Unique partial indexes
A surprisingly useful variant. Suppose you want emails to be unique among active users only, but allow soft-deleted users to keep their (now-stale) email:
CREATE UNIQUE INDEX users_email_active_unique
ON users (email)
WHERE deleted_at IS NULL;
Soft-delete the user, free up the email, allow reuse. Without partial unique, you’d have to mangle the deleted user’s email or use a more complex scheme.
Common Pitfalls
Predicate that doesn’t match queries exactly. Easy to miss by a token: WHERE status = 'pending' in the index won’t help WHERE status IN ('pending') — actually the planner can see through that one, but WHERE status != 'done' it cannot. Test with EXPLAIN.

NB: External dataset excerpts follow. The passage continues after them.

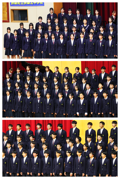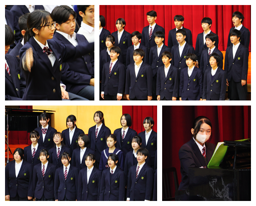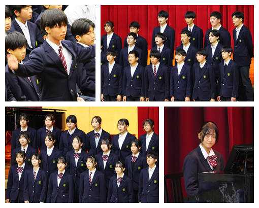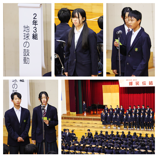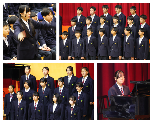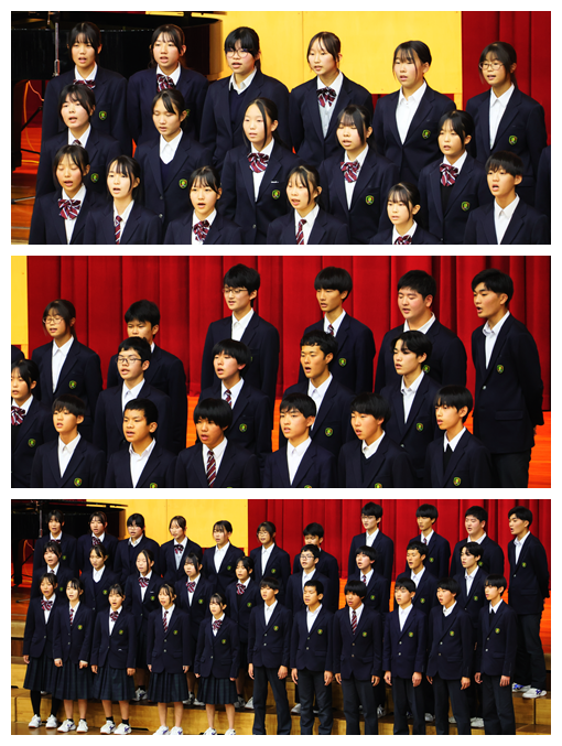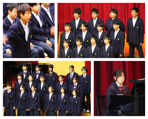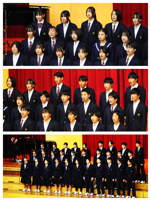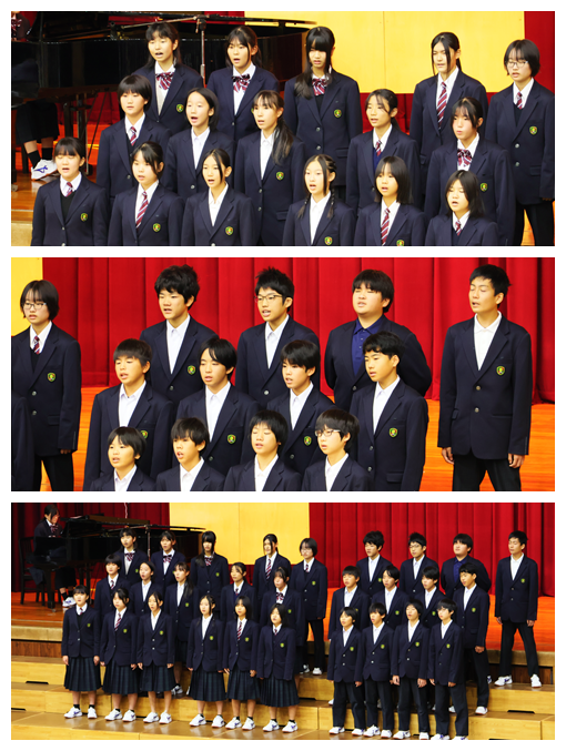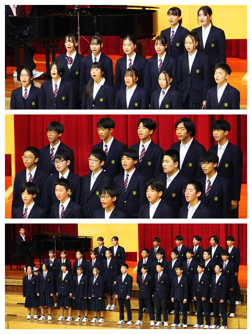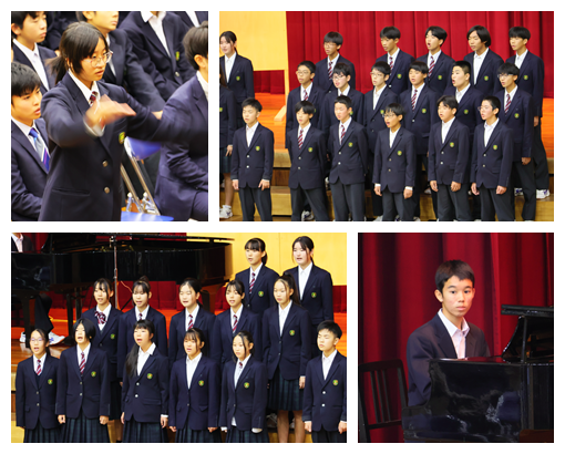 また、演奏の素晴らしさや演出の楽しさだけでなく、4人の出演者の方が、ご自身の進路選択やこれまでの歩みを語ってくださり、今後の進路選択や生き方について、たくさんのヒントをいただきました。さらに、生徒会歌の誕生秘話を聞かせていただき、北中の伝統である生徒会歌の大切さを実感することができました。
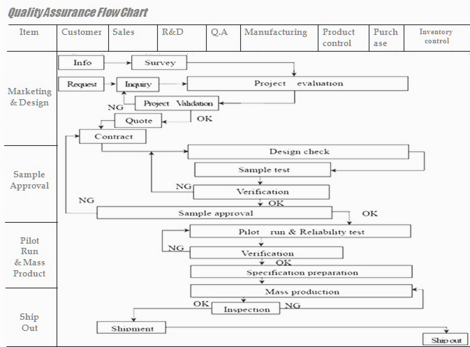 A: We have extremely strict quality control system with goods qualified rate up to 99.6%.Our quality assurance flow chart is as below:
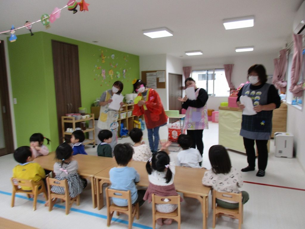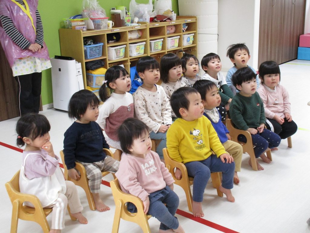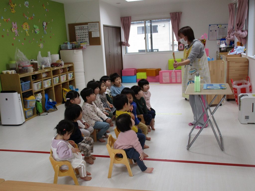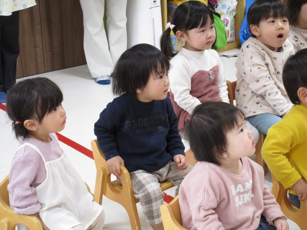 2歳児さんの女の子がお当番で、ご挨拶をしてくれました(^_^)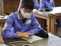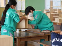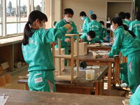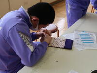 1年2組「技術」木材加工の仕上げです。間もなく完成です。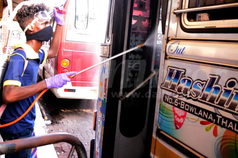Health officers fumigating buses at the Central Bus stand Pettah yesterday as per the decision taken by the government to prevent the spread of COVID ...

Stale stats. Partial indexes need ANALYZE after creation just like full indexes. Otherwise the planner’s selectivity estimate is wrong.
Forgetting that the partial condition applies to the index, not the query. A query without the partial condition will scan the full table or use a different index. That’s fine if it happens once a week. Bad if it happens on a hot path.
Functional partial indexes that the planner can’t see through. WHERE lower(email) LIKE '...' needs an index on lower(email), not just email. Same with partial: predicate must syntactically match what the query uses, in many cases.
Too many overlapping partial indexes. “Index for pending jobs”, “index for running jobs”, “index for done jobs” → you’ve reconstructed the full index in pieces and made maintenance worse. Pick the partial that matches the hot query; don’t proliferate.
Forgetting partial indexes exist. I’ve found 10× wins on schemas other engineers have been tuning for months, just by switching a full index to partial. It’s the most overlooked feature.
Wrapping Up
Partial indexes are tiny, fast, and basically free. If your table has rows that are never queried (soft-deleted, completed, archived), partial indexes are almost certainly the right move. Friday: multi-column index column ordering — the difference between a useful composite index and a useless one is which column you put first.